In the meantime, T-Mac has battled depression, told TNT that his body is "declining," had to watch Yao become a legitimate MVP candidate (which should be even further along, pending injury, next season) - thus becoming a secondary option on a team that was once unequivocally his, seen Vince Carter continue to blossom athletically (if, truly, never winning anything of substance himself), and seen himself surpassed as an unparalleled scorer and dunk artist by many his age and newer.

T-Mac isn't T-Mac anymore. He's Tracy McGrady, out there for everyone to see; an open book with a few ink blots, and some Chinese characters drawn in. And you know what? That might be what he needs.

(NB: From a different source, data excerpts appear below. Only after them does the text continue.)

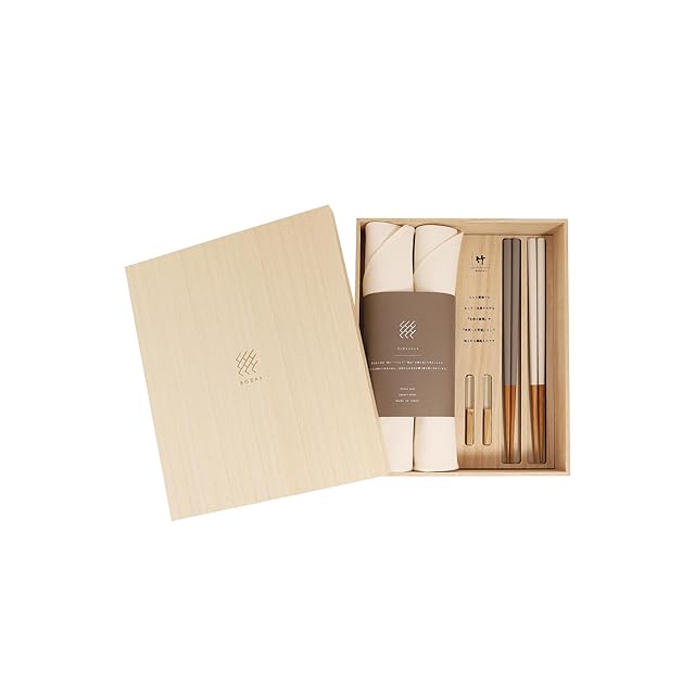 1点1点の素材の質感や、素材の持つ意味にこだわったお箸、箸置き、ランチョンマットのギフトセットです。<br/>お箸と箸置きに使われているのは、どんな環境でもまっすぐ成長する「竹」。「生命の象徴」や「未来への希望」として知られる縁起物です。ランチョンマットにはリネンが使われており、使うほどに味わいが増していきます。布や織物は人と人の関りを表し、大切な人のしあわせを願う贈り物として知られています。<br/>どなたでも使いやすい落ち着きのある色味で揃えているうえ、重厚感のある木のボックスに入っているので、ご両親や先生など、お世話になった方への贈り物としてもおすすめですよ。
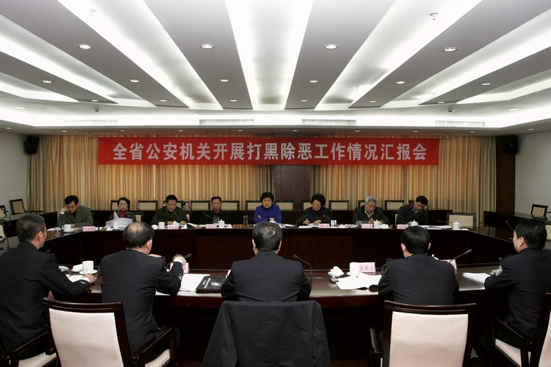 蒋大国对我省公安机关打黑除恶工作给予充分肯定。她要求,要深化认识,进一步增强打黑除恶工作的紧迫感和责任感。要严厉打击黑恶势力和犯罪的幕后指挥者、操纵者、保护者,认真研究防范、管理、控制黑恶犯罪的措施和办法,不断提高社会管控水平。要依法打击黑恶犯罪团伙及首要分子,明确黑恶势力判断标准,加强对基层工作的指导和与相关部门的协调,提高严打水平。要建立健全群防群治的工作体制和机制,营造打防管控的一体化、社会化工作格局。要加大打黑除恶工作的宣传力度,形成震慑效应。
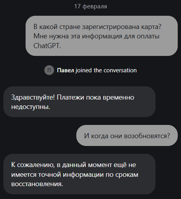 Например, в ходе беседы с представителем проекта удалось выяснить, что картой невозможно оплатить некоторые сервисы, включая ChatGPT.
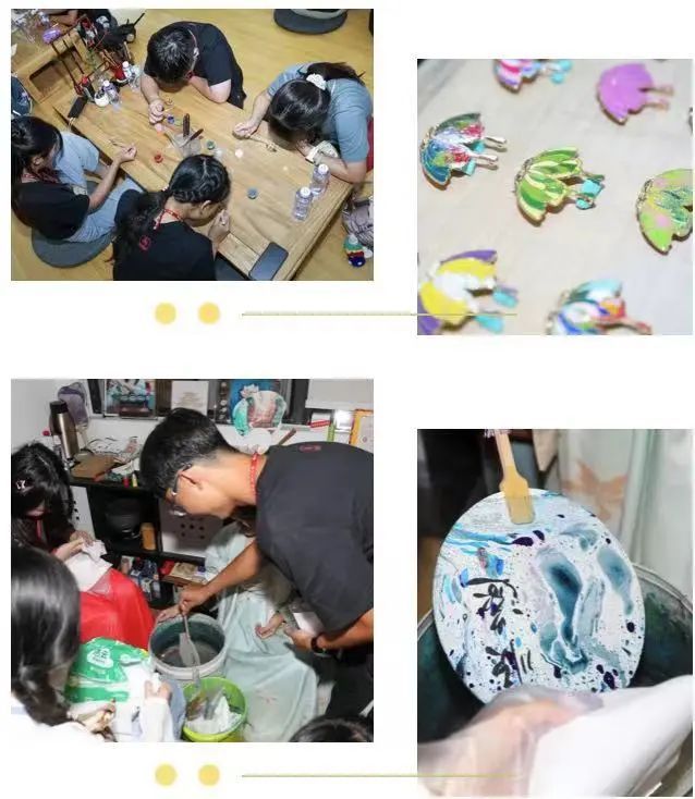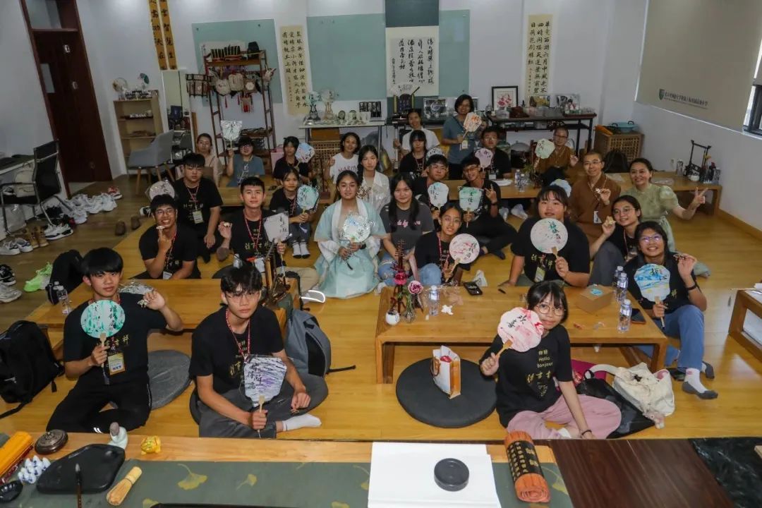 品茶结束后,台湾青年来到北外田园高级中学,在校长陆振权的带领下,参观了学校文创大楼的十大工作坊。在国学礼仪工作坊,台湾青年还体验了点蓝技法以及漆扇制作。青年们热情高涨地投入到实际操作中,将釉料依次填入蝴蝶胸针框架中,体验这门古老技艺的精妙之处。尽管制作过程繁琐,但大家表现出了极大的耐心,最终完成了一件件独具匠心的作品。
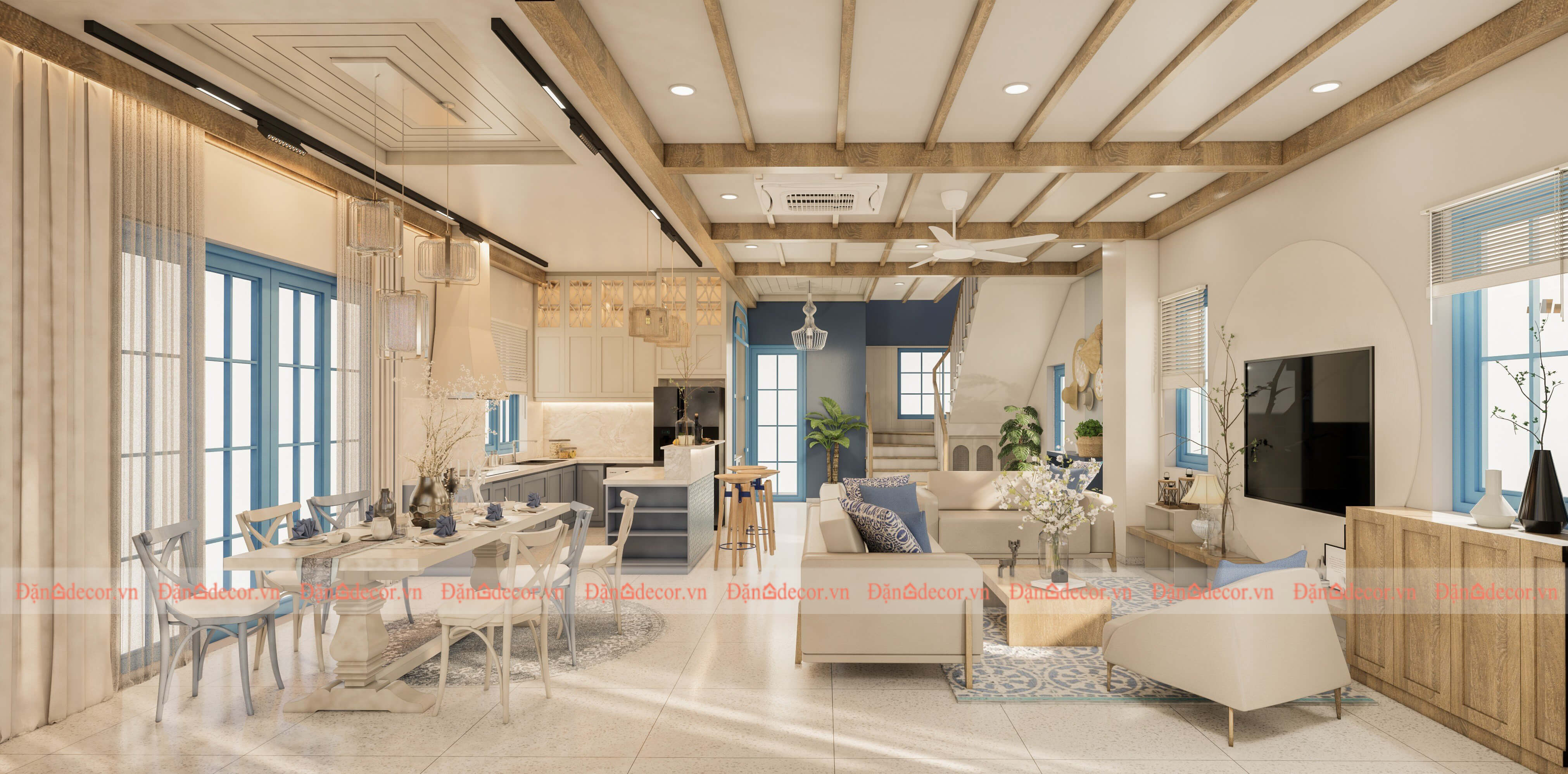 Hãy cùng chúng tôi khám phá thiết kế nội thất phòng bếp Villa Địa Trung Hải với không gian mở,
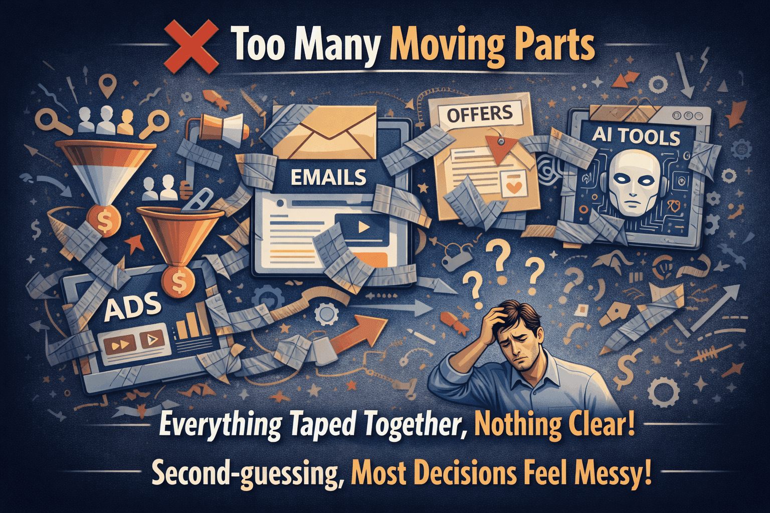 You’re duct-taping pieces together without a clear order, second-guessing every decision and never sure what actually matters.
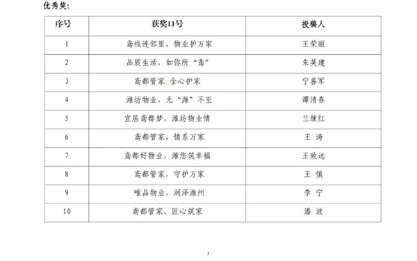 2025年7月11日,全市物業(yè)行業(yè)宣傳口號征集評選結果正式揭曉,昌大物業(yè)憑借“鳶都物業(yè)管家,貼心服務萬家”的響亮口號,從全國各地800余條投稿中脫穎而出,榮獲三等獎!這一口號充分展現了昌大物業(yè)扎根濰坊、服務萬家的責任擔當,同時展現了昌大物業(yè)“讓生活更美好”的堅定服務承諾。
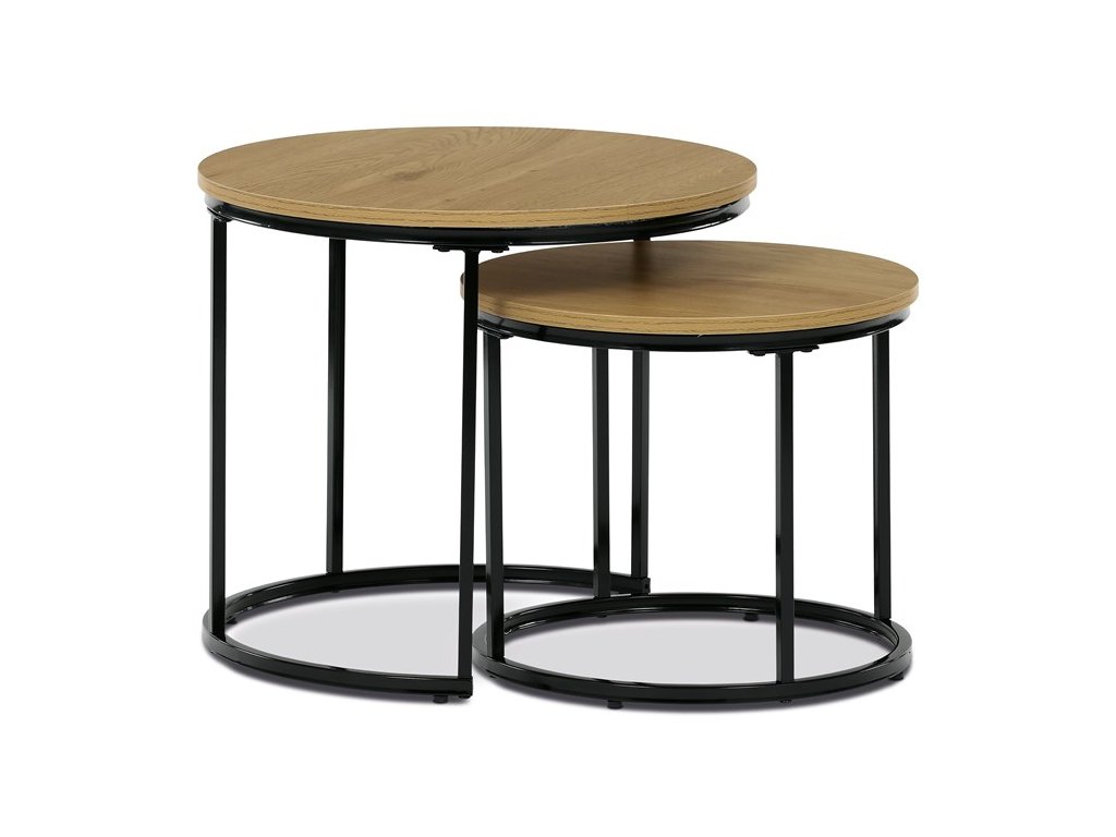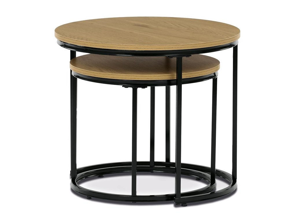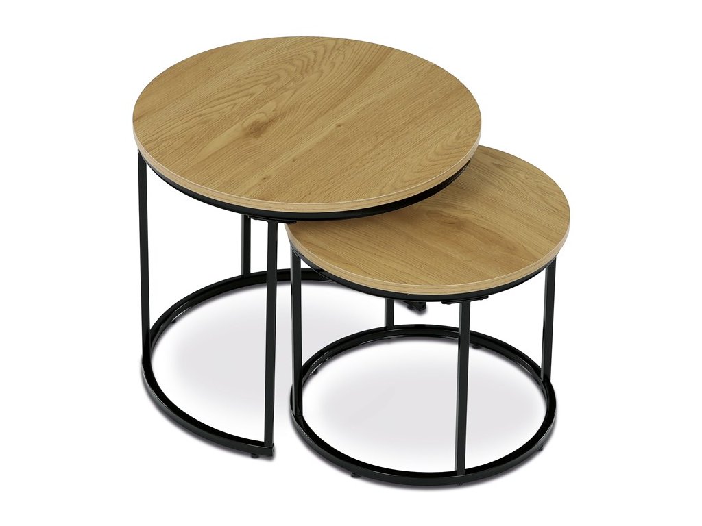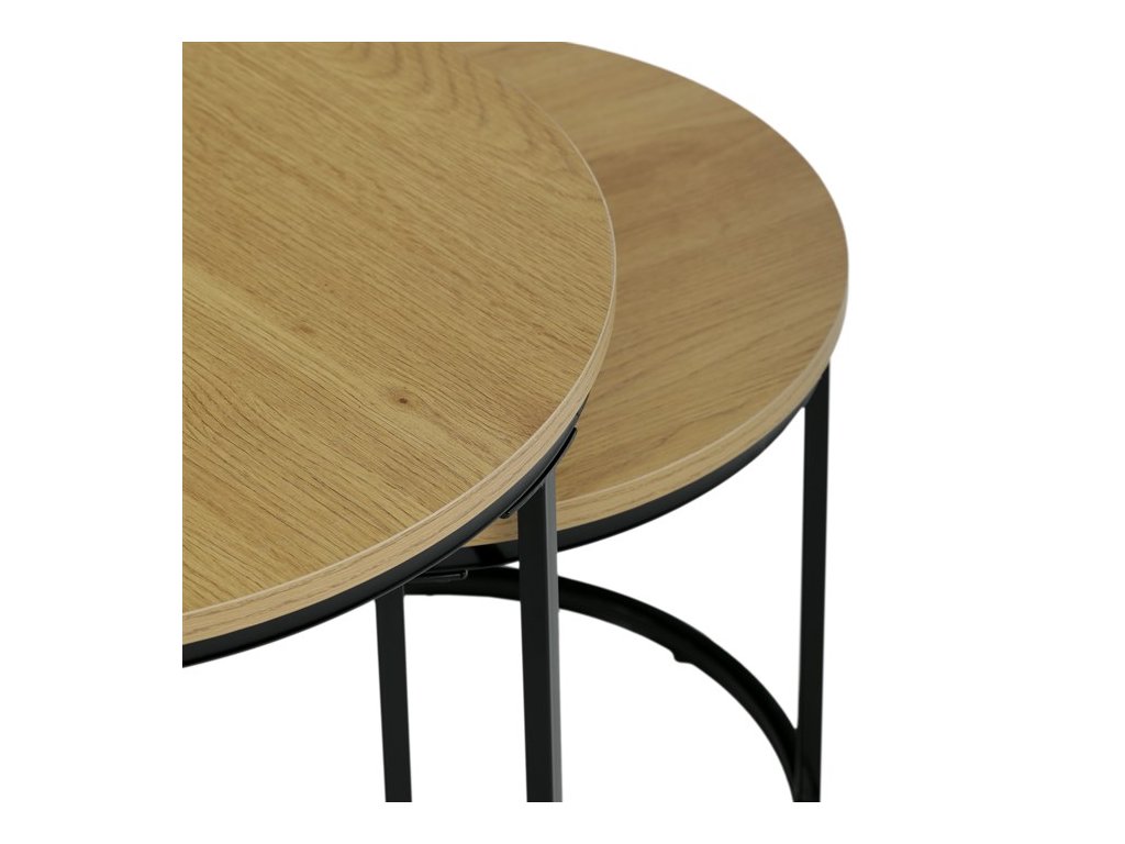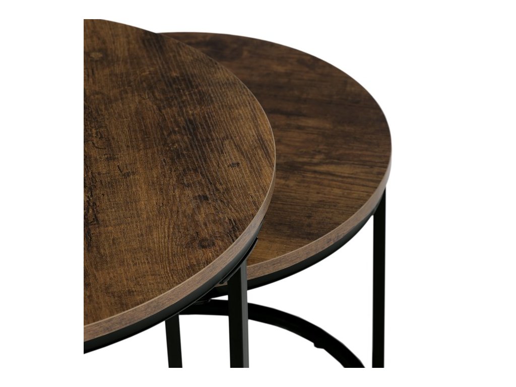 Sada odkládacích stolků VIKEN kombinuje moderní design s maximální praktičností. Kulaté desky doplněné o černé kovové nohy vytvářejí elegantní industriální vzhled, který snadno zapadne do různých interiérů. Díky chytrému řešení lze stoly zasunout pod sebe, což šetří místo a zároveň zvyšuje jejich funkčnost. Jsou perfektní volbou do obývacího pokoje pro odložení nápojů, knih či dekorací.
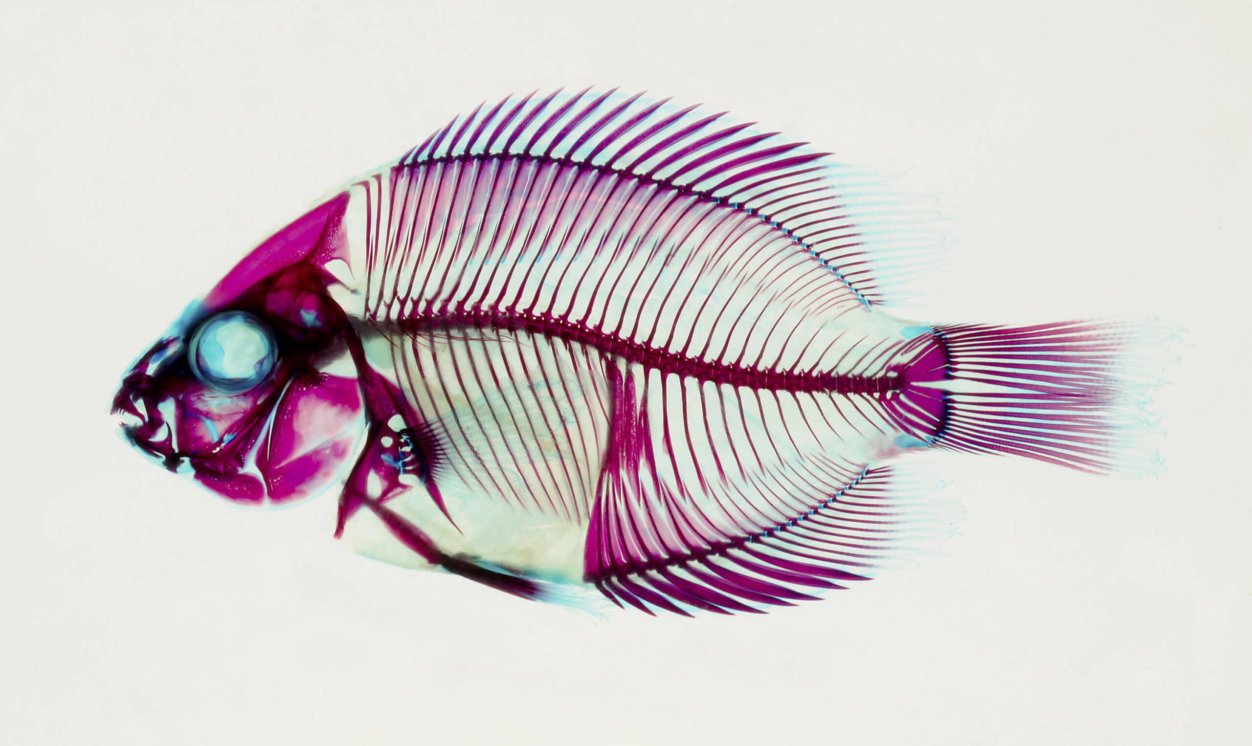 Ichthyologist John Sparks treated fish with a calibrated series of chemical dyes. Red dye tints bones, blue dye clings to cartilage, and enzymes “clear” tissues, rendering them transparent. These and other stunning images are featured in The Bishop’s newest exhibition Picturing Science: Museum Scientists and Imaging Technologies opening to the public March 5. Image by John S. Sparks, Associate Curator, Division of Vertebrate Zoology American Museum of Natural History.

With the way Utah finished the season, penciling in a Houston victory isn't that far fetched. A Houston vs. Dallas series would represent the oft-ignored end of the "Texas Three Step" in the NBA - because everyone's waiting for Dallas vs. San Antonio in the Conference Finals - but expect, assume even that Rockets vs. Mavericks V. '07 will go another seven games. T-Mac and Yao are blossoming at the right time, and the Mavs have these odd mental lapses (i.e. every time they play the Warriors) which allow dynamic duos to score in bunches. Same stuff'll happen in 2-3 games against the Rockets.

Let's just hope Game 7 is a little better, alright? And let's hope Kevin Harlan is calling it...

The point, though, is this: there's a big arse monkey on the back of one Tracy McGrady, but it's good that it's on his back. T-Mac couldn't handle that. The maturation of McGrady, from a superstar with dance moves and throwdowns to rock the O-Rena to a ball-sharing, border-crossing combo forward whose as comfortable talking shop with Ernie Johnson as Jeff Van Gundy, has made him into a better man. A better player, too. This is the spring of hope for Tracy McGrady. I'll be right there, like I was in '04 and '05, cheering.